#### [ACTION ITEM]
Please print, exactly, only the lines in the entries below from the line that has "el mismo período" through the line that has "이제부터는 코자릴정 부작용, 이상반응, 주의사항에 대해 알아보도록 하겠습니다.". Pictures don't go in.

#### [AVAILABLE DATA]
_____
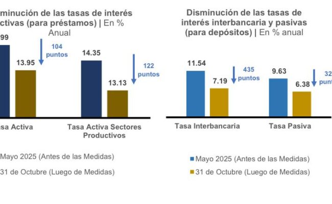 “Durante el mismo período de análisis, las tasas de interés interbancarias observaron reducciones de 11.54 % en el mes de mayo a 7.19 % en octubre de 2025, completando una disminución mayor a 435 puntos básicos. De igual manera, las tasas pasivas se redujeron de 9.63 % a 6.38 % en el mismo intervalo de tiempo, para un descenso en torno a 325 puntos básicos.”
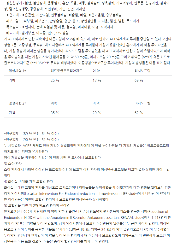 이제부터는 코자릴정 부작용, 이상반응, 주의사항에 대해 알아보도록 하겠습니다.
_____
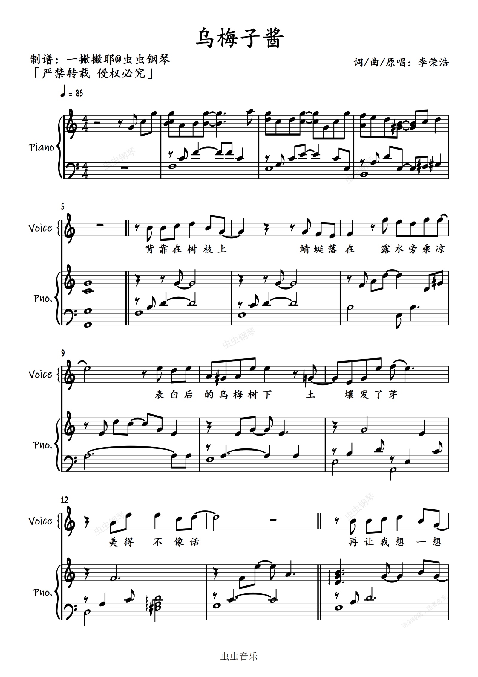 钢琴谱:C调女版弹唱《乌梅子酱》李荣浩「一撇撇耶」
_____
#### [ANSWER TO THE EXERCISE]
 “Durante el mismo período de análisis, las tasas de interés interbancarias observaron reducciones de 11.54 % en el mes de mayo a 7.19 % en octubre de 2025, completando una disminución mayor a 435 puntos básicos. De igual manera, las tasas pasivas se redujeron de 9.63 % a 6.38 % en el mismo intervalo de tiempo, para un descenso en torno a 325 puntos básicos.”
 이제부터는 코자릴정 부작용, 이상반응, 주의사항에 대해 알아보도록 하겠습니다.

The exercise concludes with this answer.